# Problem description
Your copy should match the records exactly, except that no pictures appear in it.

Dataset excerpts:
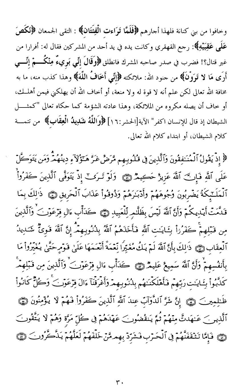 (إِذْ يَقُولُ الْمُنَافِقُونَ وَالَّذِينَ فِي قُلُوبِهِمْ مَرَضٌ غَرَّ هَؤُلَاءِ دِينُهُمْ وَمَنْ يَتَوَكَّلْ عَلَى اللهِ فَإِنَّ اللهَ عَزِيزٌ حَكِيمٌ (49) وَلَوْ تَرَى إِذْ يَتَوَفَّى الَّذِينَ كَفَرُوا الْمَلَائِكَةُ يَضْرِبُونَ وُجُوهَهُمْ وَأَدْبَارَهُمْ وَذُوقُوا عَذَابَ الْحَرِيقِ (50) ذَلِكَ بِمَا قَدَّمَتْ أَيْدِيكُمْ وَأَنَّ اللهَ لَيْسَ بِظَلَّامٍ لِلْعَبِيدِ (51) كَدَأْبِ آلِ فِرْعَوْنَ وَالَّذِينَ مِنْ قَبْلِهِمْ كَفَرُوا بِآيَاتِ اللهِ فَأَخَذَهُمُ اللهُ بِذُنُوبِهِمْ إِنَّ اللهَ قَوِيٌّ شَدِيدُ الْعِقَابِ (52) ذَلِكَ بِأَنَّ اللهَ لَمْ يَكُ مُغَيِّرًا نِعْمَةً أَنْعَمَهَا عَلَى قَوْمٍ حَتَّى يُغَيِّرُوا مَا بِأَنْفُسِهِمْ وَأَنَّ اللهَ سَمِيعٌ عَلِيمٌ (53) كَدَأْبِ آلِ فِرْعَوْنَ وَالَّذِينَ مِنْ قَبْلِهِمْ كَذَّبُوا بِآيَاتِ رَبِّهِمْ فَأَهْلَكْنَاهُمْ بِذُنُوبِهِمْ وَأَغْرَقْنَا آلَ فِرْعَوْنَ وَكُلٌّ كَانُوا ظَالِمِينَ (54) إِنَّ شَرَّ الدَّوَابِّ عِنْدَ اللهِ الَّذِينَ كَفَرُوا فَهُمْ لَا يُؤْمِنُونَ (55) الَّذِينَ عَاهَدْتَ مِنْهُمْ ثُمَّ يَنْقُضُونَ عَهْدَهُمْ فِي كُلِّ مَرَّةٍ وَهُمْ لَا يَتَّقُونَ (56) فَإِمَّا تَثْقَفَنَّهُمْ فِي الْحَرْبِ فَشَرِّدْ بِهِمْ مَنْ خَلْفَهُمْ لَعَلَّهُمْ يَذَّكَّرُونَ (57)
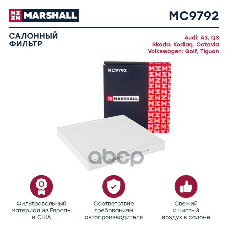 Купить Фильтр салонный Audi A3 (8V 8Y) 12- Skoda Octavia III IV 13- VW Tiguan II 16- () Marshall MC9792
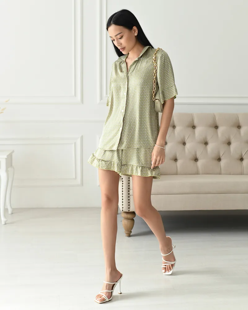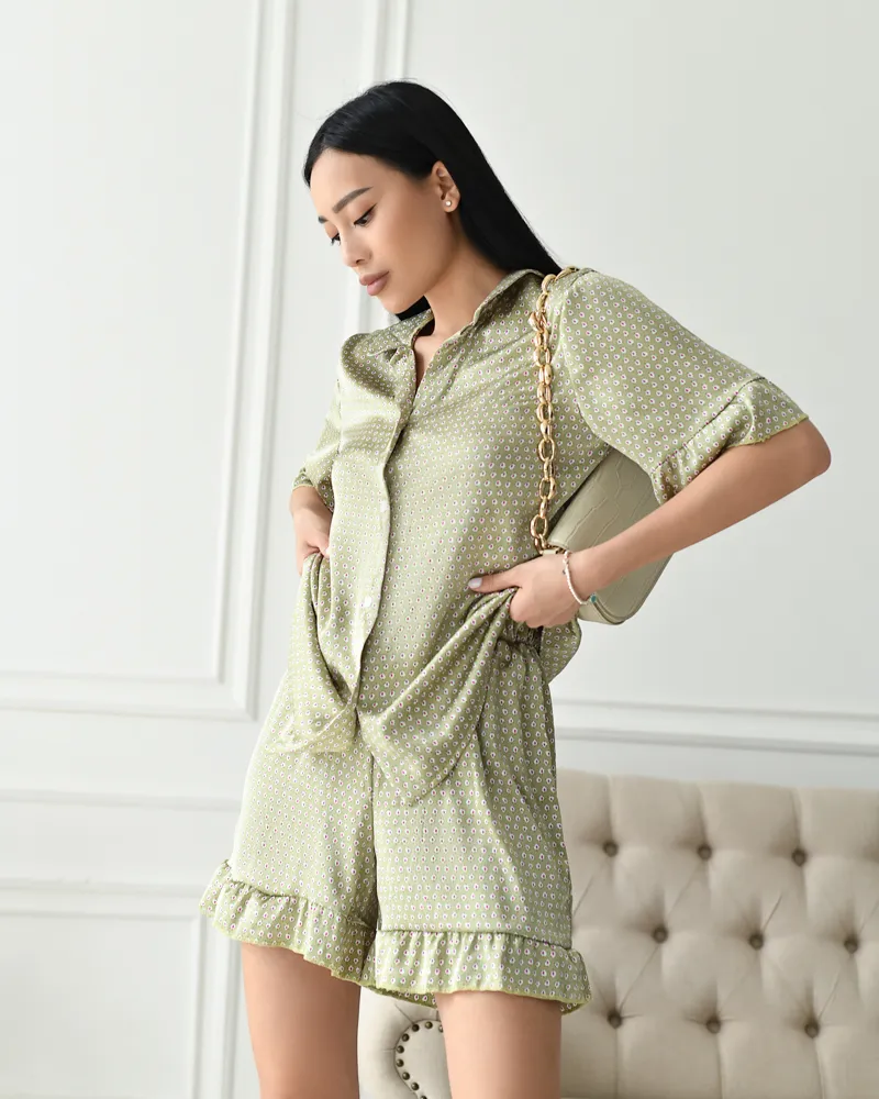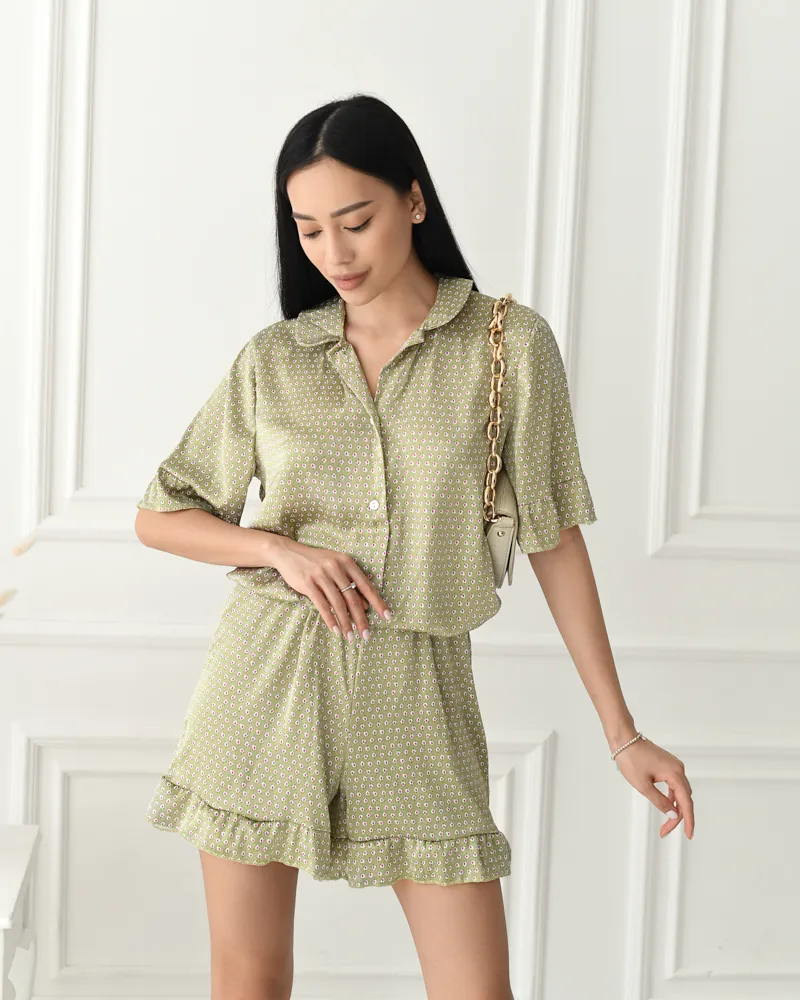 Комплект: сорочка на ґудзиках з коротким рукавом з воланами та вільні шорти з воланами на резинці.
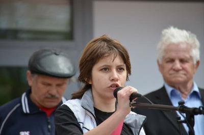 Комсомолка Диана Панчук прочитала собравшимся стихотворение Владимира Высоцкого «На братских могилах не ставят крестов…».
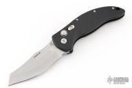 This EX-A04 Automatic model has a 4" wharncliffe style blade with a tumbled finish and a black aluminum handle. Comes with original box, zippered case and papers.
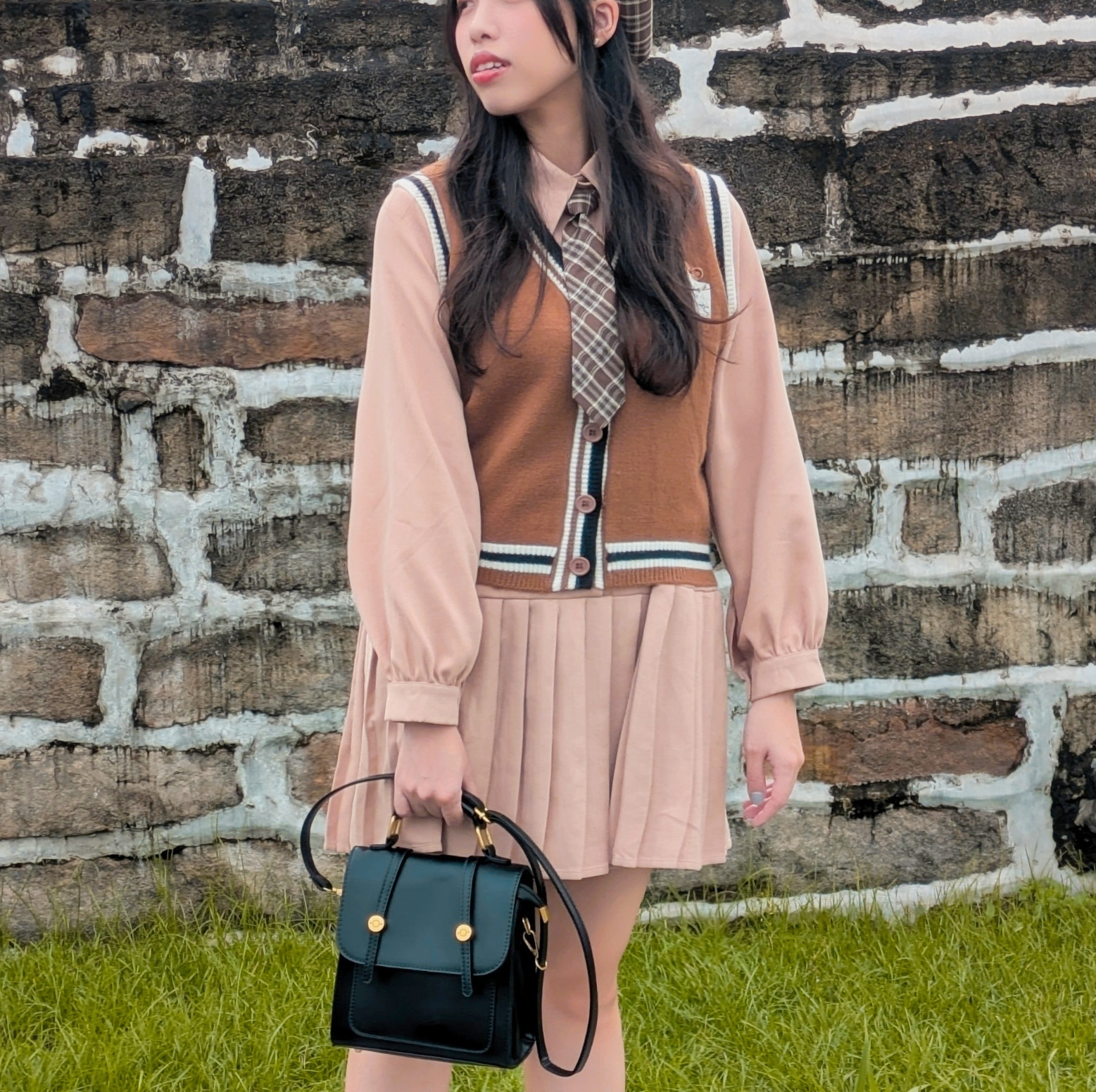 書卷少女—三件套(洋裝、背心、領結)(4色)
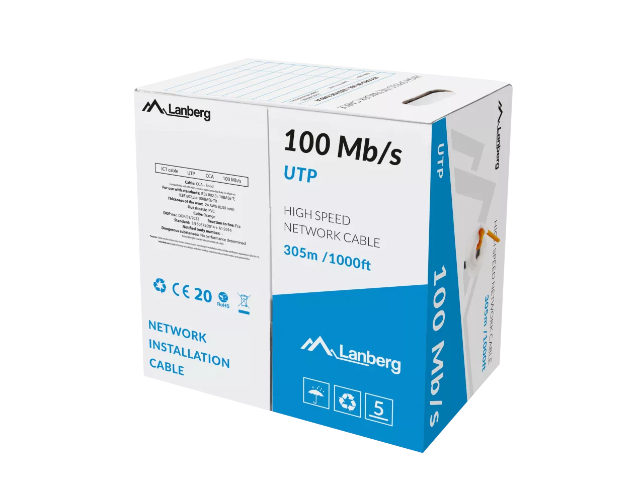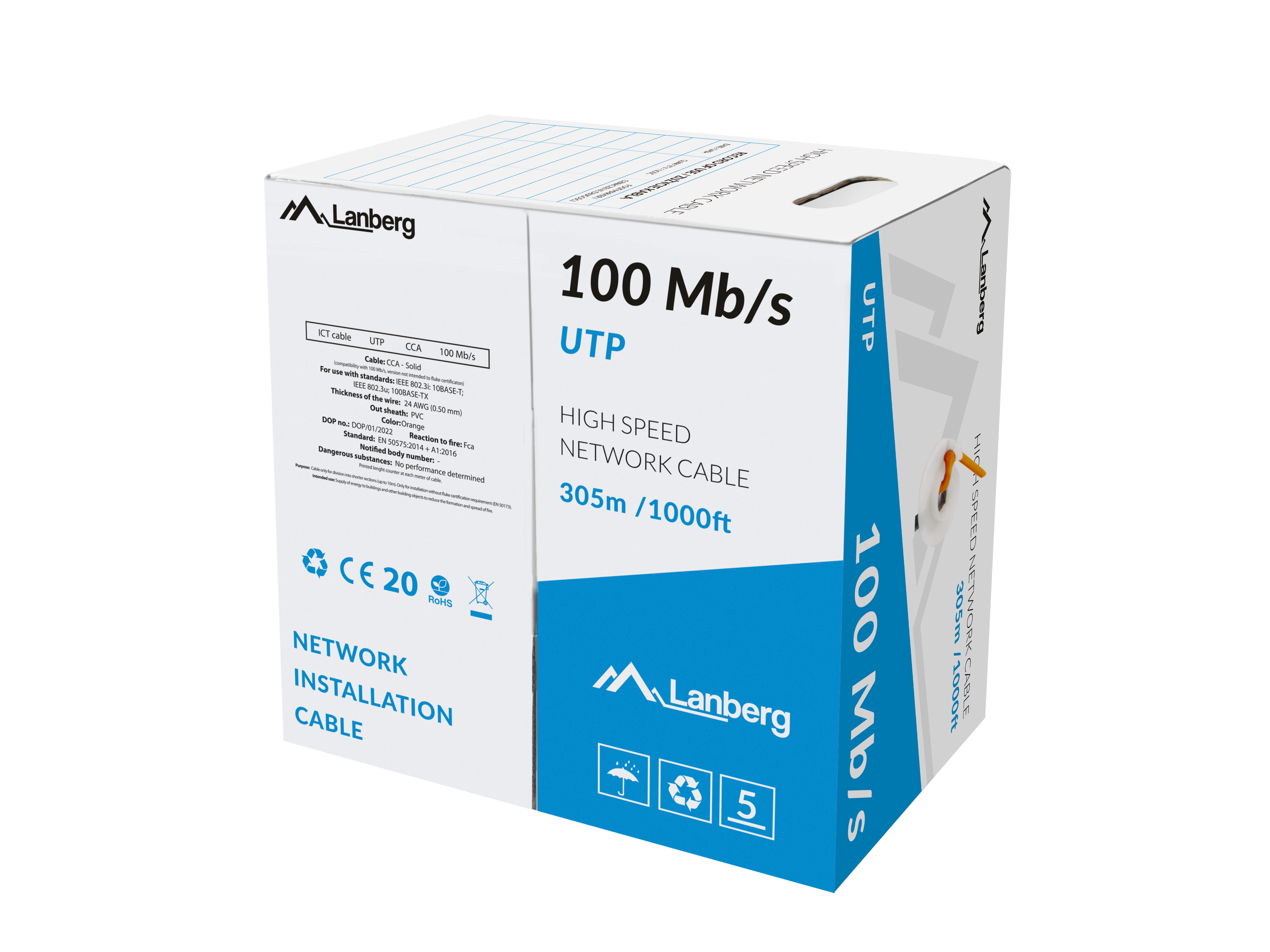 Kabel sieciowy LAN ethernet 305m UTP CCA drut pomarańczowy

# Your response
 (إِذْ يَقُولُ الْمُنَافِقُونَ وَالَّذِينَ فِي قُلُوبِهِمْ مَرَضٌ غَرَّ هَؤُلَاءِ دِينُهُمْ وَمَنْ يَتَوَكَّلْ عَلَى اللهِ فَإِنَّ اللهَ عَزِيزٌ حَكِيمٌ (49) وَلَوْ تَرَى إِذْ يَتَوَفَّى الَّذِينَ كَفَرُوا الْمَلَائِكَةُ يَضْرِبُونَ وُجُوهَهُمْ وَأَدْبَارَهُمْ وَذُوقُوا عَذَابَ الْحَرِيقِ (50) ذَلِكَ بِمَا قَدَّمَتْ أَيْدِيكُمْ وَأَنَّ اللهَ لَيْسَ بِظَلَّامٍ لِلْعَبِيدِ (51) كَدَأْبِ آلِ فِرْعَوْنَ وَالَّذِينَ مِنْ قَبْلِهِمْ كَفَرُوا بِآيَاتِ اللهِ فَأَخَذَهُمُ اللهُ بِذُنُوبِهِمْ إِنَّ اللهَ قَوِيٌّ شَدِيدُ الْعِقَابِ (52) ذَلِكَ بِأَنَّ اللهَ لَمْ يَكُ مُغَيِّرًا نِعْمَةً أَنْعَمَهَا عَلَى قَوْمٍ حَتَّى يُغَيِّرُوا مَا بِأَنْفُسِهِمْ وَأَنَّ اللهَ سَمِيعٌ عَلِيمٌ (53) كَدَأْبِ آلِ فِرْعَوْنَ وَالَّذِينَ مِنْ قَبْلِهِمْ كَذَّبُوا بِآيَاتِ رَبِّهِمْ فَأَهْلَكْنَاهُمْ بِذُنُوبِهِمْ وَأَغْرَقْنَا آلَ فِرْعَوْنَ وَكُلٌّ كَانُوا ظَالِمِينَ (54) إِنَّ شَرَّ الدَّوَابِّ عِنْدَ اللهِ الَّذِينَ كَفَرُوا فَهُمْ لَا يُؤْمِنُونَ (55) الَّذِينَ عَاهَدْتَ مِنْهُمْ ثُمَّ يَنْقُضُونَ عَهْدَهُمْ فِي كُلِّ مَرَّةٍ وَهُمْ لَا يَتَّقُونَ (56) فَإِمَّا تَثْقَفَنَّهُمْ فِي الْحَرْبِ فَشَرِّدْ بِهِمْ مَنْ خَلْفَهُمْ لَعَلَّهُمْ يَذَّكَّرُونَ (57)
 Купить Фильтр салонный Audi A3 (8V 8Y) 12- Skoda Octavia III IV 13- VW Tiguan II 16- () Marshall MC9792
 Комплект: сорочка на ґудзиках з коротким рукавом з воланами та вільні шорти з воланами на резинці.
 Комсомолка Диана Панчук прочитала собравшимся стихотворение Владимира Высоцкого «На братских могилах не ставят крестов…».
 This EX-A04 Automatic model has a 4" wharncliffe style blade with a tumbled finish and a black aluminum handle. Comes with original box, zippered case and papers.
 書卷少女—三件套(洋裝、背心、領結)(4色)
 Kabel sieciowy LAN ethernet 305m UTP CCA drut pomarańczowy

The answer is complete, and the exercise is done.